Still, even though two years ago Rojiblancos were widely praised for their unexpected Champions League run, it’s quite likely that the 2014 Atlético was a lesser team than the one Simeone has prepared for today. The 2014 squad might’ve scored two more league points and 14 more league goals – but the quality of players in certain positions has only gone up ever since. Thibaut Courtois has achieved 20 clean sheets in the past? No problem: Jan Oblak has pushed that record further, to the astonishing 24-time mark. Players like João Miranda or Raúl García have chosen other clubs? Fair enough: brilliant youngsters such as José Giménez and Saúl Ñíguez will immediately fill their shoes. Diego Costa has chosen a career in England? Fine: let’s bring a former winger Antoine Griezmann and use his pace on the counterattack to make a proper striker out of him.

 

As of Real Madrid, the two-year progress is harder to notice. In Lisbon, the club started Ángel Di María, Fábio Coentrão, Sami Khedira and Iker Casillas, who are all now playing elsewhere. The Argentinian’s replacement, James Rodríguez has recently had a poor season, dropped down to the bench and is now seen as the first player likely to leave Estadio Santiago Bernabeu this summer. Both Khedira and Coentrão suffered ugly injuries after departing from Madrid, so it’s hard to compare their quality to that of their Brazilian counterparts, Marcelo and Casemiro. One thing 100% sure though is that Los Merengues won’t suffer the same goalkeeping blooper as the one made by Casillas in 2014, when he failed to stop rather innocuous Diego Godín header. Iker’s descendant, Keylor Navas has been performing on a terrific level this year, even though it took a botched, last-minute David De Gea deal with Manchester United for him to keep a place between RM’s goalposts.

On Saturday, Zidane’s team will be banking on those assets – but, first and foremost, they shall rely on Cristiano Ronaldo’s unrelenting ambition. The Portuguese forward has a couple of his own scores to settle. So far, every time he’d appear in a Champions League final, he would play below his standards. Also, if breaks this pattern and strikes twice in Milan, he will improve his own record of goals scored in a single UCL campaign. For a striker, who’s been recently denied a Pichichi award by Barcelona’s Luis Suarez – this could be a good enough consolation prize. Alas, CR7’s predicament goes much deeper. Ronaldo, now 31 and approaching an exit from the professional football on a highest level, has to be well aware that this could be his last Champions Cup to win. He’s already put his stamp on La Décima; is it the final chance to push it further and be remembered as an author of La Undécima?

His leg is going to be fine – but can he break the streak of bad finals?

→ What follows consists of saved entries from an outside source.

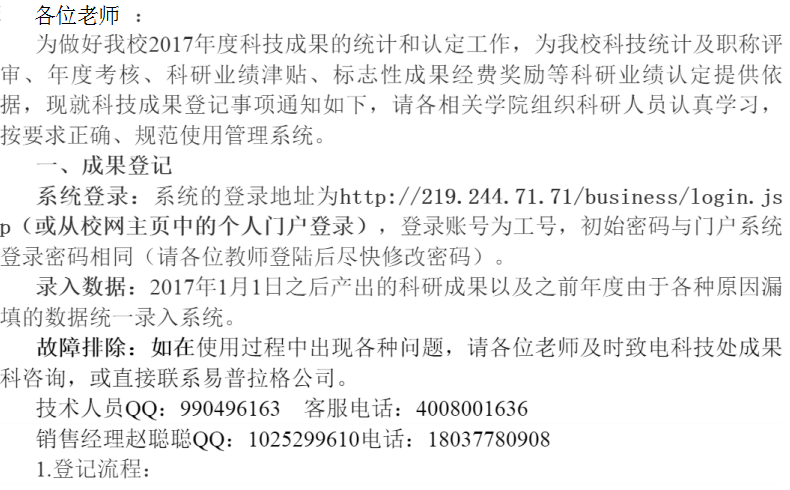 关于在“科技管理系统”中及时登记2017年个人科技成果信息的通知
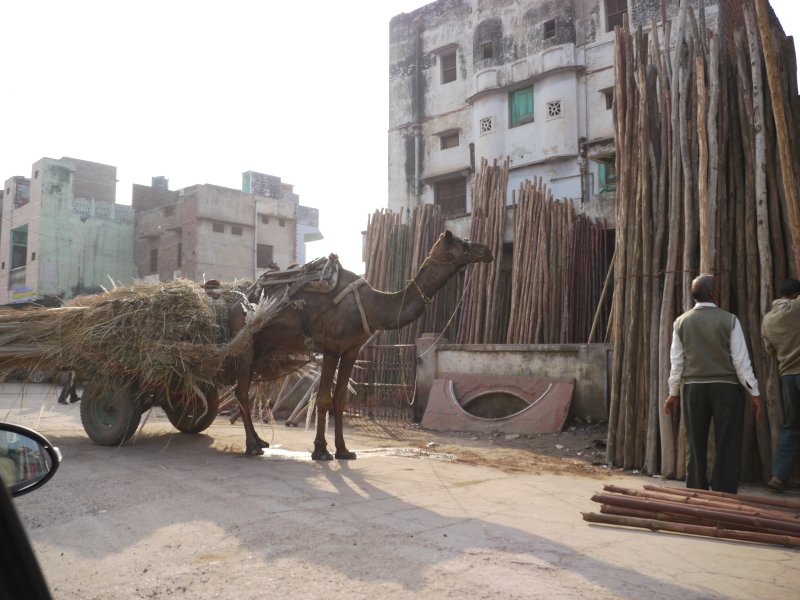 Каруца с камила в предградията на Агра (Индия).
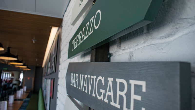 Börja din resa med ett glas mousserande vin eller en iskall drink och njut av havsutsikten på Bar Navigare. Skål för resor och avkoppling!
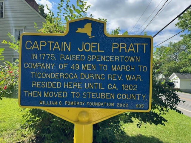 Captain Pratt resided in Spencertown, New York until circa 1802 when he moved to Steuben County. As one of the first settlers in the area, he is believed to be the eponym of Prattsburgh, a town in Steuben County. According to the 1853 History of the Settlement of Steuben County, N.Y. by Guy H. McMaster, Captain Pratt was “the pioneer of Prattsburgh” and “while there were actual residents within the boundaries of that town before Captain Pratt … its settlement and sale were conducted by him.” McMaster claims that Captain Pratt “gained an influence and enjoyed a public confidence at home, which entitle him to be styled the Founder of Prattsburgh.” Captain Pratt died in 1821 and is buried in Pioneer Cemetery, in Prattsburgh, a cemetery established in 1806 on lands owned by Captain Pratt. In 2016, a historic roadside marker was erected at Pioneer Cemetery.
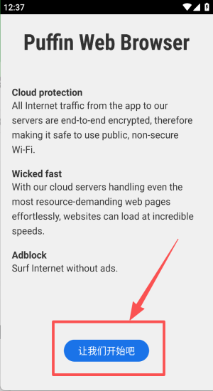 1、点击“让我们开始吧”,先开启云端加密保护再上网。
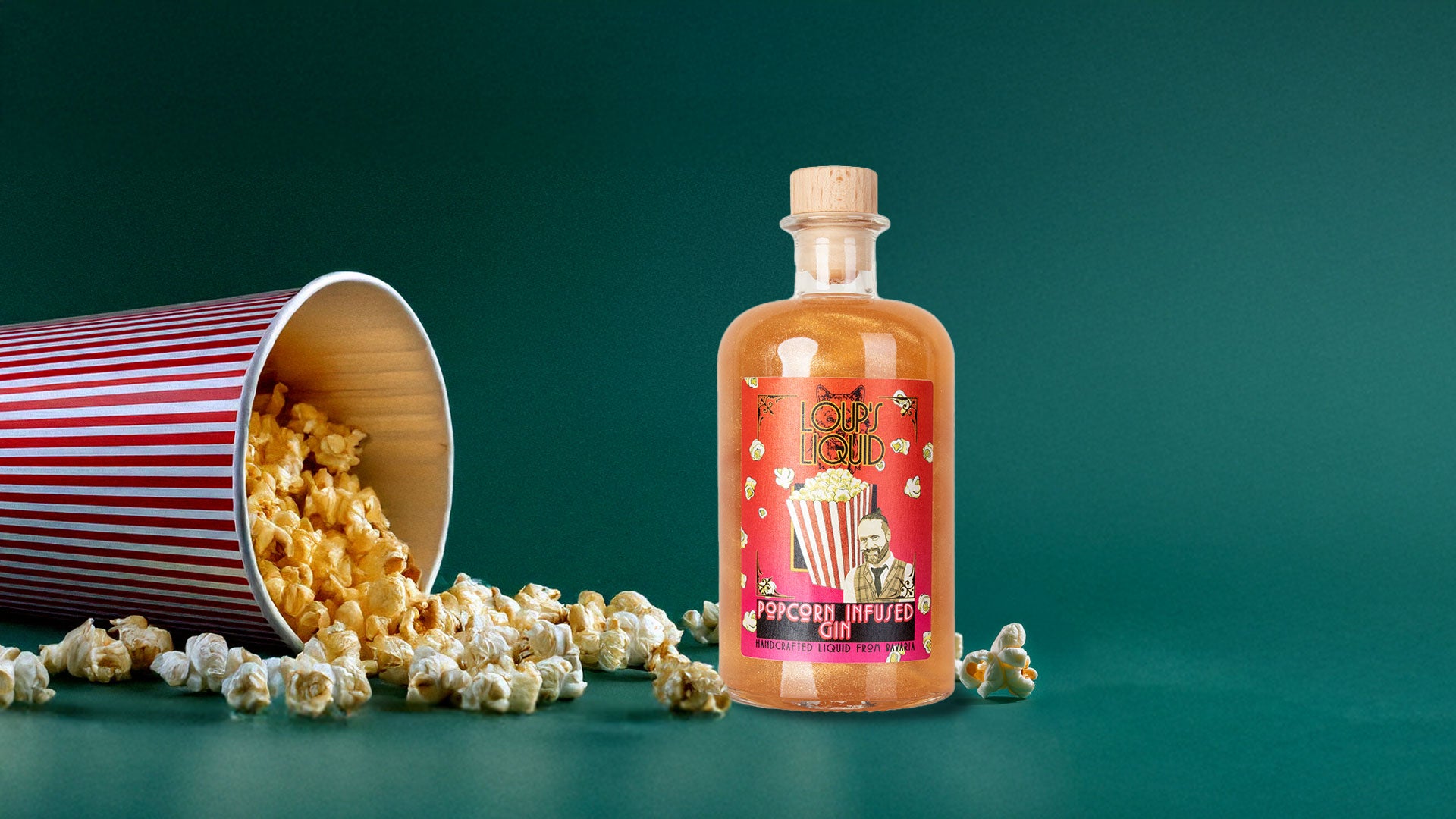 LOUP'S LIQUID Popcorn Infused Gin - mit weicher Popcorn-Note und einmaligem Glitzer-Effekt - handcrafted, 0,5 l, 30%

Curiously enough, just like Ronaldo, Zidane himself has had a few bitter memories about finals before he eventually created a pleasant one. In 1997, his would Juventus would enjoy an undefeated Champions League run – until the underdogs from Borussia Dortmund have beaten The Old Lady 3-1 at Olympiastadion in Munich. A year later, in Amsterdam, it was… Real Madrid, who stopped Juve from claiming the trophy. Only after his world-record transfer (later beaten by Ronaldo’s move), Zidane was able to put his hands on the cup – and he did so by scoring a stunning, acrobatic volley at Hampden Park, against Bayer Leverkusen. If Zizou prevails again, he will be only the 7th person ever to win the Champions Cup as a player and a manager. Considering that he’s is only 43 and may still have a long and successful managerial career ahead of him – this could be an extraordinary achievement.

 

Compared to that, Diego Simeone comes off as a huge underachiever. One UEFA Cup won in 1998 with Inter is the only European medal he brought home during his playing career. On Saturday, he will be an underdog again, combating both the bookmakers’ odds (roughly 2.50 for Real and 3.30 for Atlético’s win) and the potential big-club favouritism from the English referee, Mark Clattenburg. The supposedly “best football official in Great Britain” has just recently shown a lot of leniency towards Manchester United in an FA Cup final between Red Devils and Crystal Palace. If there’s a lot of aggression on Saturday or, worse – an early goal leading to a downward spiral of nervousness on both sides – Mr Clattenburg may find himself hard-pressed to retain law and order on the pitch (to put it mildly).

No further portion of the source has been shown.